The findings, detailed in a study published in Nature, emerge from a longstanding partnership among senior authors Lewis Cantley from Harvard Medical School and the Dana-Farber Cancer Institute, Benjamin Turk at Yale, and Jared Johnson from Weill Cornell Medical College. Lead authors include Tomer Yaron-Barir at Columbia University Irving Medical Center and MIT’s Brian Joughin, with contributions from Kontstantin Krismer, Mina Takegami, and Pau Creixell.
The Kinase Kingdom Explained
Human cellular behavior is orchestrated by a complex network of protein kinases, which modify other proteins by adding or removing phosphate groups—tiny yet impactful chemical tags. These phosphate groups can activate or deactivate proteins or significantly alter their function. However, determining which of the nearly 400 human kinases phosphorylates a given protein at a specific site has been a time-consuming challenge.

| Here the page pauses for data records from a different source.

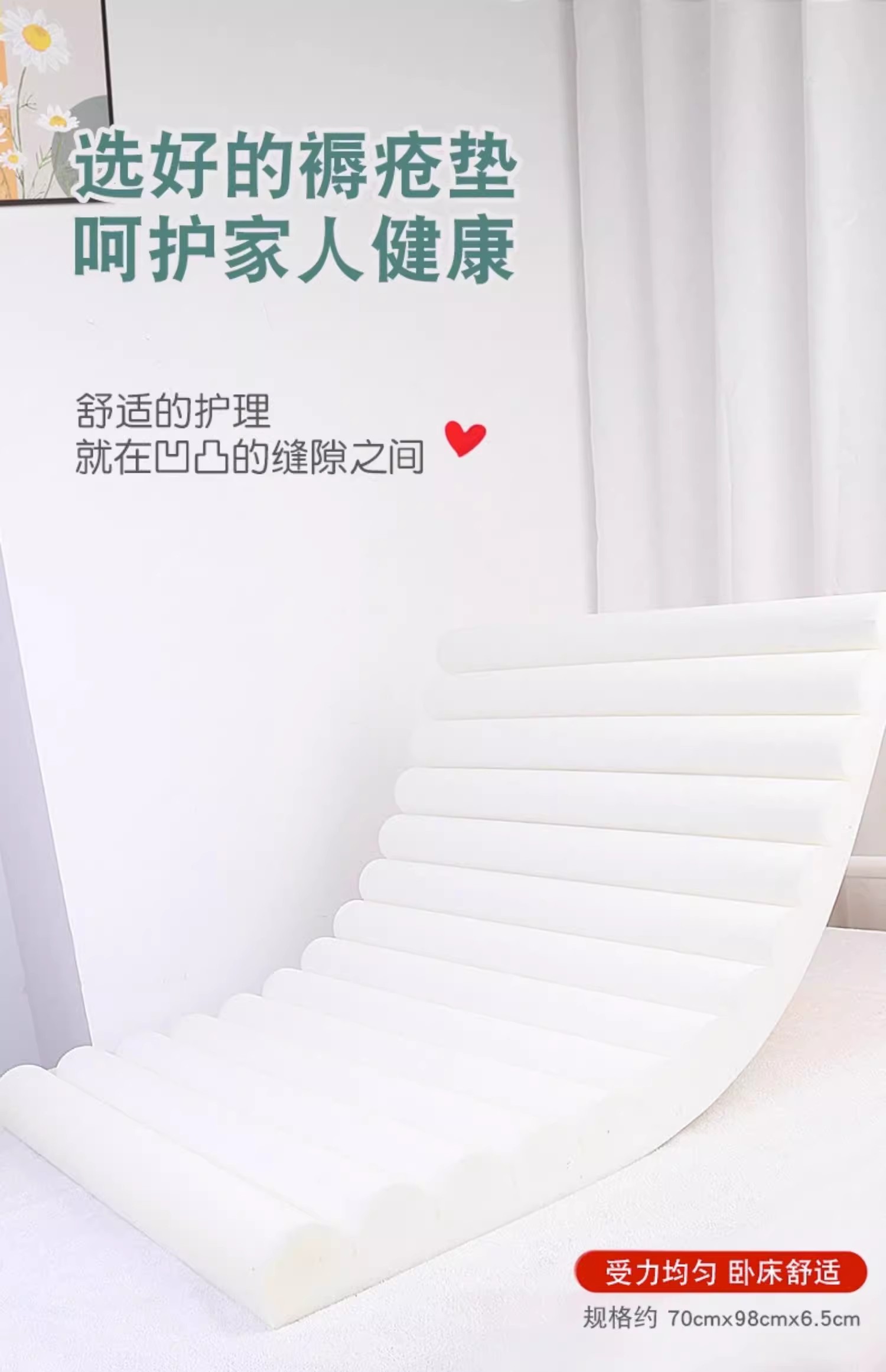 这款防压疮专用垫专为预防压疮而设计,独特的波浪形设计能够完美贴合身体曲线,有效分散压力,避免局部长时间受压。波浪形设计通风透气,保持空气流通,降低皮肤潮湿度,有效预防压疮形成。使用高弹海绵作为垫芯,可承受大量压力并均匀分散,使卧床更加舒适。垫子采用一体切割技术,确保边缘平滑无毛边,减少对皮肤的刺激和损伤。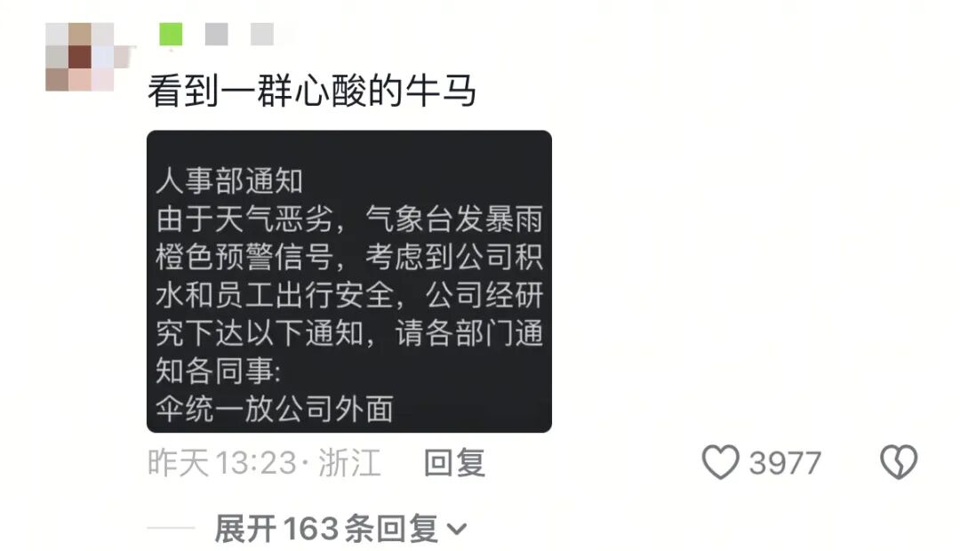 “由于天气恶劣,考虑到公司积水和员工出行安全,公司经研究下达以下通知: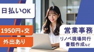 インフォメーション 外出多めでリフレッシュ*20~30代多数活躍* PC基本スキルでOK≫テキパキ!営業サポート 今回は、リノベーションマンションの企画販売などを行う大手グループ企業で事務のお仕事をご担当いただきます。 社内での事務作業+現地調査や写真撮影など、、外出も多めで《動き多めの事務》がお好きな方にもおすすめです! 少しでも気になった方、ぜひご応募お待ちしております! *レゾナゲートはご来社不要!WEB登録可能です! 給与日払い制度「Res給」&週払い制度「前給」あり!スマホでできちゃう無料PC講座も多数実施中* アピールポイント 株式会社レゾナゲートの求人を見ていただきありがとうございます! ◆当社の特徴1 WEBで完結・来社不要! ◆当社の特徴2 高水準・高時給のお給料&待遇! ◆当社の特徴3 最短翌日入金! 日払い制度「Res給」・週払い制度「前給」あり! ◆当社の特徴4 あなたもご家族も安心!健診サポート! 株式会社レゾナゲートでは 一般事務やデータ入力のお仕事だけでなく コールセンターでのテレフォンオペレーターや WEBディレクター、デザイン制作などクリエイティブ系のお仕事まで幅広くご紹介ができます! 「週2~、週3~で働きたいけどどうだろう・・」 「アルバイトやパートの経験しかないから不安・・・」 「ブランクあるけどどうだろう・・・」 ぜ~~んぶお気になさらず! あなたに合ったお仕事をご紹介します! ハローワークでお仕事をお探し中の方も こんな仕事ないかな?という方も お気軽にお問い合わせください!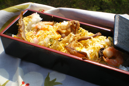 桜に会いに行く日は、お弁当も春らしい散らし寿司に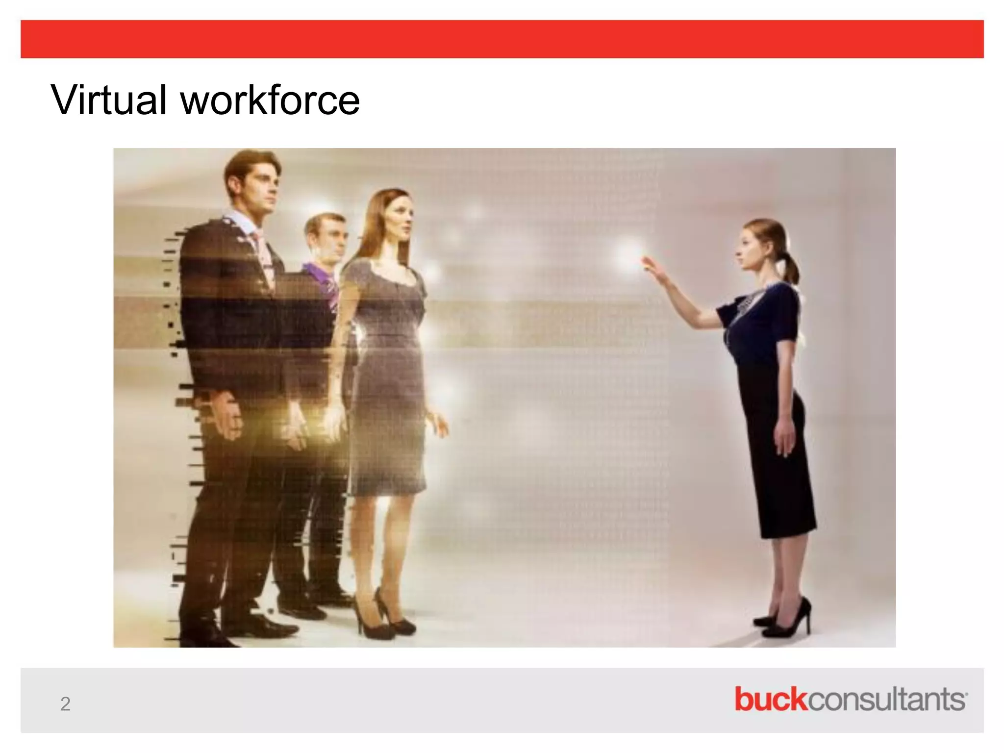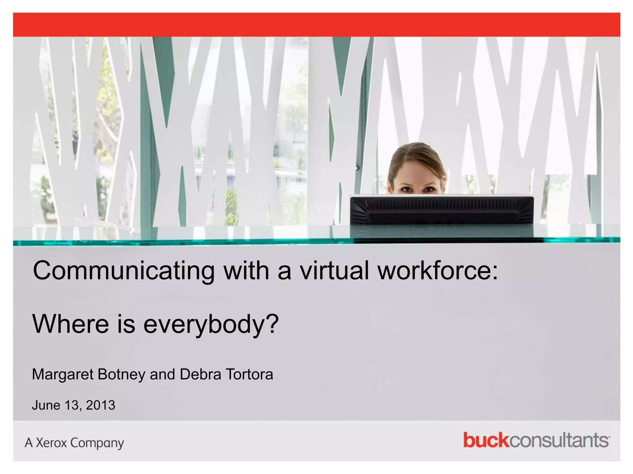 This document discusses communicating with virtual workforces. It defines virtual workforces as telecommuters or employees not located near senior management. Traditional communication tools are ineffective for virtual teams. Emerging technologies like gamification, mobile apps, and social networking can be 63% to 50% effective if used properly. Building virtual culture and connections are key. Challenges include lack of culture/buy-in and overwhelmed employees. Solutions involve selective messaging, varied tools through inclusive environments, and training managers and employees. A case study shows a company used an internal social media site and materials to increase health plan understanding from 38% to 62%.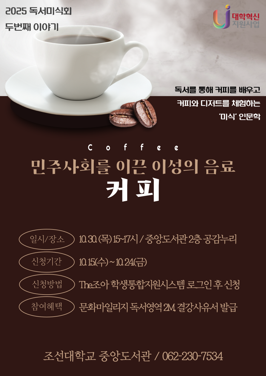 [대학혁신지원사업] 2025 독서미식회(2회) "민주사회를 이끈 이성의 음료, 커피" 행사 안내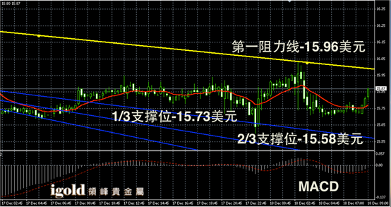 白银阴阳烛录得整体仍然在区间中位运行,后期阳烛回升,短线MACD显示呈中性,白银价格或不断持稳15.9美元附近。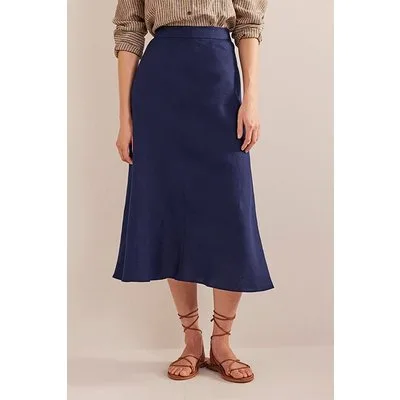 Boden Bias Linen Midi Skirt Navy Prijzen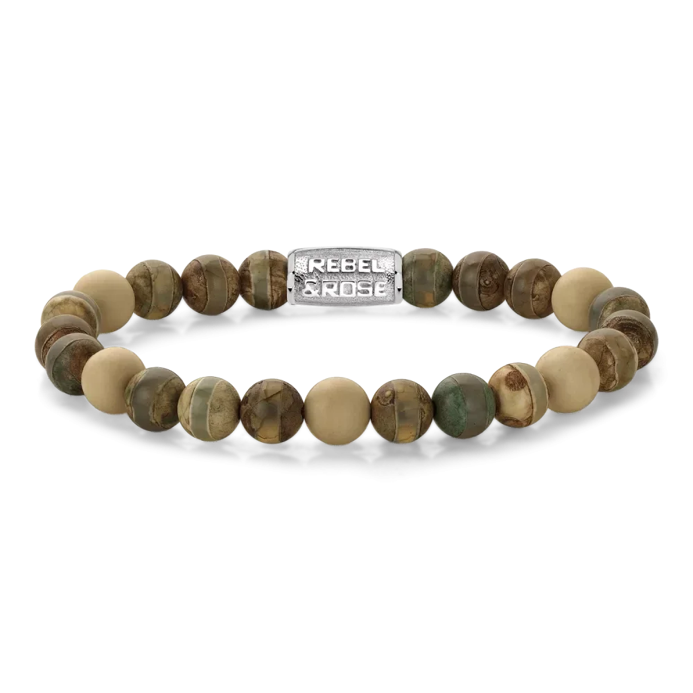 Bead armband, handgemaakt van 8mm Agaat en Fossil stenen met een zilverkleurige edelstalen sluiting. Het Rebel & Rose sieraad is makkelijk te combineren met andere zilveren, leren of kralenarmbanden.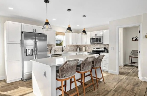 Have a few drinks on the front porch while the designated family chef prepares tasty bites in the kitchen. Once the food is ready, serve it on the dining table and savor a delicious feast with loved ones. The inviting kitchen island offers a perfect setting for breakfasts, snacks, and smaller meals.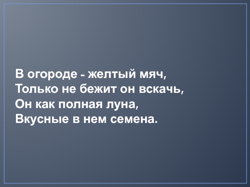 Слайд 2В огороде - желтый мяч, Только не бежит он вскачь, Он как полная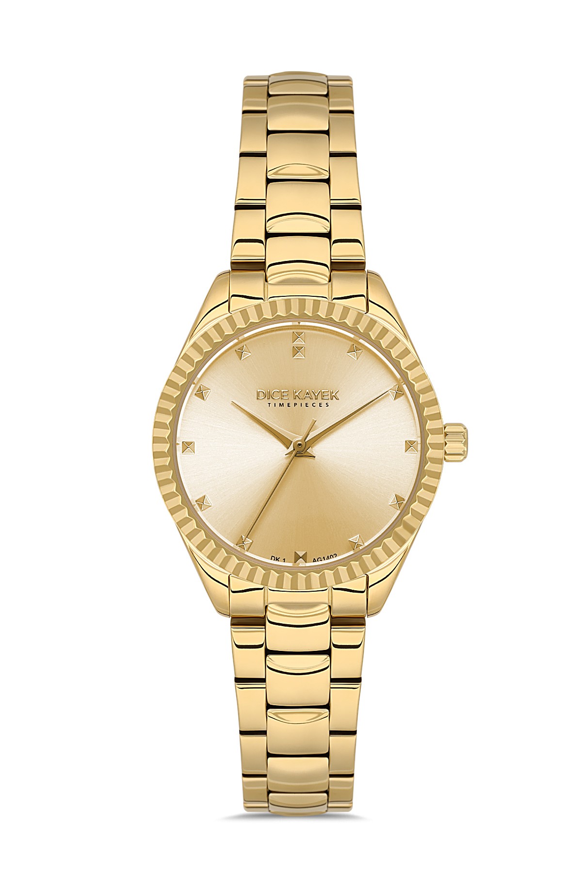 Kadın - Düz - Sari - Sari - Paslanmaz Masi̇f Çeli̇k - 3 Atm - Sertleşti̇ri̇lmi̇ş Mi̇neral Cam - Dice Kayek - 29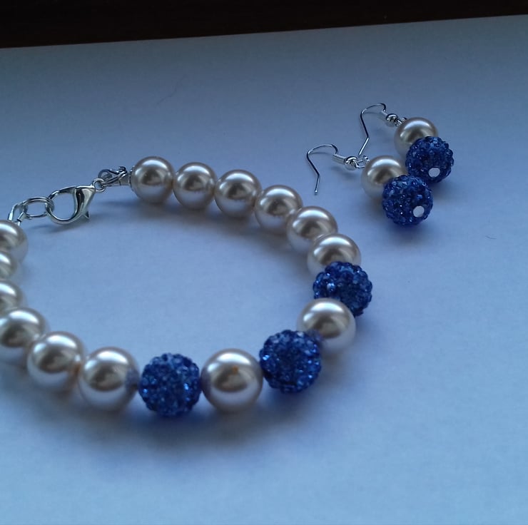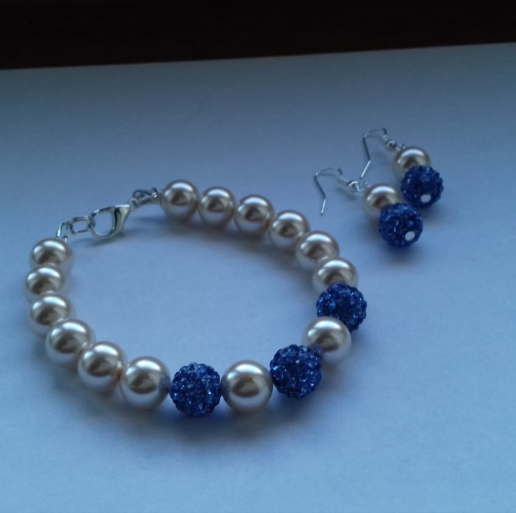 THE BRACELET AND EARRING SET HAVE BEEN MADE USING 10MM GLASS CHAMPAGNE COLOURED PEARL BEADS, 10MM BLUE RHINESTONE PAVE BEADS ALONG WITH SILVER PLATED FLOWER BEAD CAPS. THE BRACELET HAS BEEN FINISHED WITH SILVER PLATED LOBSTER CLASP AND THE EARRINGS FINISHED WITH SILVER PLATED KNICKLE FREE FISH HOOK EAR WIRES.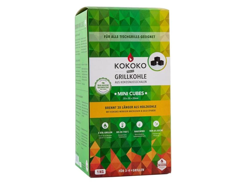Mit unseren kleinen Würfeln in KOKOKO-Qualität haben Sie ein richtig schönes Grillerlebnis. Die Kokoskohle-CUBES (25 * 25 * 25 mm) passen perfekt in den Kohlekorb von Tischgrills mit integriertem Lüfter. Damit ist es die perfekte Grillkohle für z. B. Lotusgrills. Die MINI-CUBES halten nicht nur viel länger als normale Holzkohle, sie rauchen und riechen auch nicht. Alles, was Dir in die Nase steigt, ist der Duft von Deinem köstlichen Gegrillten. Mit leckeren Saucen, Gewürzen und Dip’s angerichtet schmeckt es dann gleich doppelt lecker!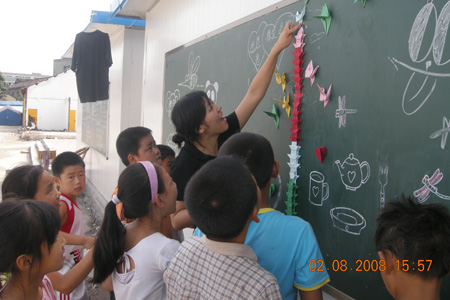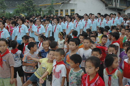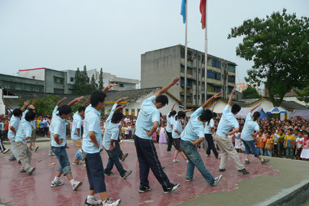 这所小学共有6个年级,18个教学班,学生共1000余人,在地震中校舍损毁严重,所有的教学楼和办公楼都成为危房。两座危楼在灾后被推平,在大连援建队的帮助下,在原址建起了活动板房。第七批志愿者中的我校学生在到达驻地后,积极参与到学校校园重建工作之中。我校学生不怕苦、不怕累,积极参与安置教室、拉网通电、搬运物资、安装电扇等苦活累活。学校复课后,第八批志愿者中的我校师生在前一批志愿者工作的基础上,不仅教授英语、音乐、美术、体育、朗诵与表演、心理健康教育等课程,还增加了折纸、表演、趣味数学等,展现了我们“趣味教学,快乐教学”的理念。为了让孩子们在有限的时间空间锻炼身体,丰富课间生活,服务团编排了一套适合儿童锻炼身体的健身操,我校学生便在值班的早晨带领孩子们一同练习。8月4日,是一个令服务团全体志愿者难忘的日子。早上,服务团全体成员在学校的一块空地中与1000余名学生一起参加了升旗仪式。在满目疮痍的校园空地,唱着国歌,看着鲜艳的五星红旗,令每一个人都为之动容。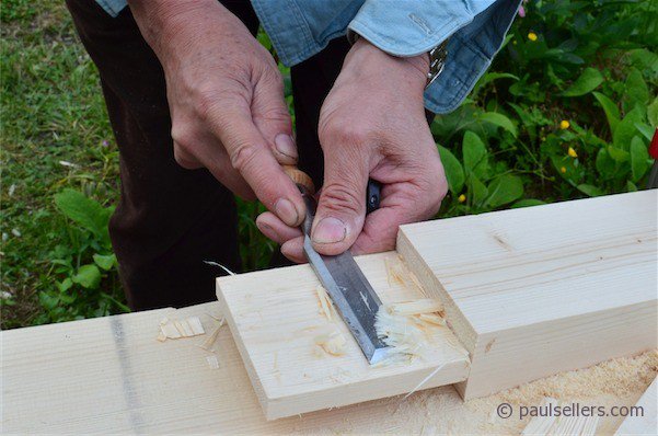 We always assume that the best way to cut tenons is to saw them. I think that may be because all books show sawing tenon cheeks and not chopping or paring them. I do saw tenons and indeed teach people how to saw them, but I also encourage the bold step of chopping them because for the main part I split my tenons by using a wide chisel to separate the waste wood from the wanted. I mostly split my tenons rather than saw them. Why? Well, splitting tenons is really much more pleasant than sawing, it’s easy, fast and accurate to do and a 2” long 3” wide tenon can be split and pared to finished thickness in two minutes or less when the shoulders are cut ready to split.

Starting in the mid-1990s, the Cantley laboratory pioneered a method utilizing a library of small peptides to identify the optimal amino acid sequences, known as motifs, targeted by kinases on their substrate proteins for phosphorylation. Over the years, Yaffe, Turk, and Johnson, who were formerly postdocs in the Cantley lab, made remarkable improvements to enhance accuracy and throughput.
Johnson spearheaded an extensive experimental initiative exposing various kinases to the peptide libraries, revealing which kinases phosphorylated which peptides. Their previous Nature study, published in January 2023, mapped over 300 serine/threonine kinases to their corresponding motifs. The current paper completes the ‘kinome’ by successfully mapping 93 tyrosine kinases to their specific motifs.
Utilizing advanced computational tools, Yaron-Barir, Krismer, Joughin, Takegami, and Yaffe tested the predictive power of their findings on real proteins, uncovering previously unrecognized signaling events in normal and cancer cells and accurately predicting tyrosine kinase activity within established cell signaling frameworks.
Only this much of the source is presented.